Stored data:
----
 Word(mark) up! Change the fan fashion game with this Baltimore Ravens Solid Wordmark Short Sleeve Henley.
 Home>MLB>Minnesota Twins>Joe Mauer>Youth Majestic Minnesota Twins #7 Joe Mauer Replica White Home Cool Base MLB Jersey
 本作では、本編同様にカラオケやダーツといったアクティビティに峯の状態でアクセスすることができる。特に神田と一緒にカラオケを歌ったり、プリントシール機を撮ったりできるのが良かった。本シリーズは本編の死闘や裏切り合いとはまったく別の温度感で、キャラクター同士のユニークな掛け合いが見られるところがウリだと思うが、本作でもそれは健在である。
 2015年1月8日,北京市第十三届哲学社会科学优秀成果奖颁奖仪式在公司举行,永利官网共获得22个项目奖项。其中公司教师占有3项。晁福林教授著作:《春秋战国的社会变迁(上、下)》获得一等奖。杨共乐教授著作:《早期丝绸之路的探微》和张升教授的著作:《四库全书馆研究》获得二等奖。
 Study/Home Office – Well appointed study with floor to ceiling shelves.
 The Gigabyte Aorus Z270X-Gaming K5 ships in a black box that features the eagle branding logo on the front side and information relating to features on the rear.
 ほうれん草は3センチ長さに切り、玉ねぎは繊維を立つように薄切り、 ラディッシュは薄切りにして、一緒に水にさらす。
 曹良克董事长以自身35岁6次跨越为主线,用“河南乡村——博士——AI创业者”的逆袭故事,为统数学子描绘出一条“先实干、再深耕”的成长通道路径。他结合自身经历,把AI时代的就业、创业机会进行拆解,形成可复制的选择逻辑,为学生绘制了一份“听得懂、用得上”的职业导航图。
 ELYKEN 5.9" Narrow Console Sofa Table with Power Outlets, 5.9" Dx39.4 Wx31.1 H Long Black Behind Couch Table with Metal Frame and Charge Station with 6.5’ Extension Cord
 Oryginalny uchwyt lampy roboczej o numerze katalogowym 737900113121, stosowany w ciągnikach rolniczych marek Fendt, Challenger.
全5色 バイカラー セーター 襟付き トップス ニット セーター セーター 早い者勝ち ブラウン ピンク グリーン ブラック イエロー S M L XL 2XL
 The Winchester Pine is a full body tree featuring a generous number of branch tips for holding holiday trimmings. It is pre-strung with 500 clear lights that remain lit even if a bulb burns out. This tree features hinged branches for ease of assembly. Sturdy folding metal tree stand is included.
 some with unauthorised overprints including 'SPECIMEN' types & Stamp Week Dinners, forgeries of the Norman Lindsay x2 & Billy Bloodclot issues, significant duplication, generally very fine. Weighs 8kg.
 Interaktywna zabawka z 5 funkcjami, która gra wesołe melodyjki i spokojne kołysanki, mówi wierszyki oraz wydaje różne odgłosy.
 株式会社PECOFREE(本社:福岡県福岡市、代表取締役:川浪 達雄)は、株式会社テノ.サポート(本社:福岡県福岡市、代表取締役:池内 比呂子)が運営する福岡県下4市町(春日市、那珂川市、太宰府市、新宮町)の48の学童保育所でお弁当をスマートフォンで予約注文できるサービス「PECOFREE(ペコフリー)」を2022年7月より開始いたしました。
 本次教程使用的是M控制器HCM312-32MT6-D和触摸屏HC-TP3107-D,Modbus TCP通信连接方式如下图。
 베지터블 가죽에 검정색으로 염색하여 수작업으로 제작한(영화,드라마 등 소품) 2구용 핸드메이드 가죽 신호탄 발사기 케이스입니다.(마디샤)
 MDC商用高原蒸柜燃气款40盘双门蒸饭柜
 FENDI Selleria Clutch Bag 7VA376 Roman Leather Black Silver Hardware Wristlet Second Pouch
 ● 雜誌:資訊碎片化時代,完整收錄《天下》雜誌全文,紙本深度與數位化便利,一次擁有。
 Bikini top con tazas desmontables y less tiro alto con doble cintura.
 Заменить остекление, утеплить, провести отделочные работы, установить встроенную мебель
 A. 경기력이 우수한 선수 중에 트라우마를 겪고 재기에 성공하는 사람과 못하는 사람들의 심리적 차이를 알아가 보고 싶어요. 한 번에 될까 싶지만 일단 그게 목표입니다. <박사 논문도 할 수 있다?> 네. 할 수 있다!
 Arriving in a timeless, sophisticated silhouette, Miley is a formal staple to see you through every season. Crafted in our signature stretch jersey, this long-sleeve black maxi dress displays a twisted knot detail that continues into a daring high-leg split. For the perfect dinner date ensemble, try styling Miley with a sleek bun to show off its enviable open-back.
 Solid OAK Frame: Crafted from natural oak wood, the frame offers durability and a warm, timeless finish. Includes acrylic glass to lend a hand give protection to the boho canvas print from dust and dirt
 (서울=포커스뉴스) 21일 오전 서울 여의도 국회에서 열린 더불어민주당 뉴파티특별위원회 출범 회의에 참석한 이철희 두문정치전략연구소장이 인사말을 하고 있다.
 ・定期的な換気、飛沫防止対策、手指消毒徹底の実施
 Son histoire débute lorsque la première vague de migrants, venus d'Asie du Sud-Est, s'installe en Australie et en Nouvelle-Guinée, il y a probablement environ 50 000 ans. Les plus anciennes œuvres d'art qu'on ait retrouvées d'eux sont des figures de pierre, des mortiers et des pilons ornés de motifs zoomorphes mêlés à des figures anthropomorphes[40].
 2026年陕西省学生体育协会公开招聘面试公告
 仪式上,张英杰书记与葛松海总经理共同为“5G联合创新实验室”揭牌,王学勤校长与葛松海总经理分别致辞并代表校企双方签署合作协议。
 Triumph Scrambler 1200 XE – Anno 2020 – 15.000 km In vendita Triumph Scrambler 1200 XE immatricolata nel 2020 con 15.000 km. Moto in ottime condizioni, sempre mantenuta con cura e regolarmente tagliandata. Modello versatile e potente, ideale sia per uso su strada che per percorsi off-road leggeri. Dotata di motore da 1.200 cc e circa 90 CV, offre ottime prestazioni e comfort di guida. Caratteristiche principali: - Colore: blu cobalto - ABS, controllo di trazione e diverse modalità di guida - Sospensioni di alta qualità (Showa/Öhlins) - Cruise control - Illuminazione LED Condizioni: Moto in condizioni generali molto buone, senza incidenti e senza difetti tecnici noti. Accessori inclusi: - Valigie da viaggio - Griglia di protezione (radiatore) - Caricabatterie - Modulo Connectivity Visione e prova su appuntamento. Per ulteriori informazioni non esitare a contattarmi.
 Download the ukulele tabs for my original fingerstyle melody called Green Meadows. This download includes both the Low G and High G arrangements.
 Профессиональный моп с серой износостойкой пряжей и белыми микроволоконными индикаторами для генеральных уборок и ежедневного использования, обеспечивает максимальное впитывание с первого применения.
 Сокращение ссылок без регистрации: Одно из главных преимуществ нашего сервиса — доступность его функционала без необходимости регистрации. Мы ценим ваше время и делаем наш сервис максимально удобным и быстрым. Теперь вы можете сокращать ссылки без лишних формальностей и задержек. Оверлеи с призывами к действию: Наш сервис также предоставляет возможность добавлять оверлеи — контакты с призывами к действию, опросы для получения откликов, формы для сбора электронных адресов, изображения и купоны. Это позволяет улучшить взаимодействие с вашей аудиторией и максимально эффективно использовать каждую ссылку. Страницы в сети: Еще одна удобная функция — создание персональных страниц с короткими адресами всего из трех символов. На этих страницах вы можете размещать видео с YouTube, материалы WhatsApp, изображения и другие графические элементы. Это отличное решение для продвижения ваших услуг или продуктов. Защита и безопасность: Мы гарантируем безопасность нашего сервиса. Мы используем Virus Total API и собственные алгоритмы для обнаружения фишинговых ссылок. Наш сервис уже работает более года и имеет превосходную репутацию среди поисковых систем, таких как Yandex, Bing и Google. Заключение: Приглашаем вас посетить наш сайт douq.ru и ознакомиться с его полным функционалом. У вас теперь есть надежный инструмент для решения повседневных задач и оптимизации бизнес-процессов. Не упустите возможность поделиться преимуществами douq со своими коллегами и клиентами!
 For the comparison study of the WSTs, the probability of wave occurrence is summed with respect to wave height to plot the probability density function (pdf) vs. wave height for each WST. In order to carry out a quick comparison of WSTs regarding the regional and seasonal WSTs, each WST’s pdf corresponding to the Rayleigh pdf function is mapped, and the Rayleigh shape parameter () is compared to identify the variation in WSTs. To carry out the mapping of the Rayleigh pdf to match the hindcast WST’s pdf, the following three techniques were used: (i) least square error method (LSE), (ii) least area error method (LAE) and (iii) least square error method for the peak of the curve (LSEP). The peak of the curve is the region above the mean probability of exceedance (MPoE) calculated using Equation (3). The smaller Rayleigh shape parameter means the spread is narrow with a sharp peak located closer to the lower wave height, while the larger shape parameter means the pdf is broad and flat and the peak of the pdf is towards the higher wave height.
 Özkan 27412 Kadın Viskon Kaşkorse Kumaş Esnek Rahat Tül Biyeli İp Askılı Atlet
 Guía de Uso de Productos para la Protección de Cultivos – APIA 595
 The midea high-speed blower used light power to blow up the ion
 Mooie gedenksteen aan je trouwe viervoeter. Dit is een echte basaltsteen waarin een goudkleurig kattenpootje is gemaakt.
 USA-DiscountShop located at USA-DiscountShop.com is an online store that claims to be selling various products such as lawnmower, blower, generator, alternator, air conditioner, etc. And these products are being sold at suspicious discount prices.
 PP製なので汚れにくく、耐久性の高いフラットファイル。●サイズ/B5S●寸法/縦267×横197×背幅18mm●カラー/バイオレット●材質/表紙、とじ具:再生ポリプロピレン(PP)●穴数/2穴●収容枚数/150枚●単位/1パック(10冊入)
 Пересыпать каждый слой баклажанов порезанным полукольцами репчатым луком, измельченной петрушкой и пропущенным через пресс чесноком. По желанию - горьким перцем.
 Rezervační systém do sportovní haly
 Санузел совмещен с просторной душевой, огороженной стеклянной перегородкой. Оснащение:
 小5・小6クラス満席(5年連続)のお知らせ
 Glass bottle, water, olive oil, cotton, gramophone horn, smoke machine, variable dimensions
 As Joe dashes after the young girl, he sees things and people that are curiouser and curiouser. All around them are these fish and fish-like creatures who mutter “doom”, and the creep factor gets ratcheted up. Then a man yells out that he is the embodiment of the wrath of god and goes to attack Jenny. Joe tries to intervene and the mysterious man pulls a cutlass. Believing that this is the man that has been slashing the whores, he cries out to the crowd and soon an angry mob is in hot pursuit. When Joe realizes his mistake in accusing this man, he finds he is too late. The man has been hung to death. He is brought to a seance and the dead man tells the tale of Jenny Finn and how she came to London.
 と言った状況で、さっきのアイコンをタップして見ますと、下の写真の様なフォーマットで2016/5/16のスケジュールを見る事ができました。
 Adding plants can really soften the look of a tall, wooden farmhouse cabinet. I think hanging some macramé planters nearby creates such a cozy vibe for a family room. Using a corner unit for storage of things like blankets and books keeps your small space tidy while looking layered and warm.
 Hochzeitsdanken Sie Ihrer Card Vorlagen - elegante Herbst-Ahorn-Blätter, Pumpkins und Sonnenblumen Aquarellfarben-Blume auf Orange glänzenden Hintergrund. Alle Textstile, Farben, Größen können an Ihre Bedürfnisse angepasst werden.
----
> _Problem to solve_:
State only how many lines above contain "Home".

> _Expected answer_:
2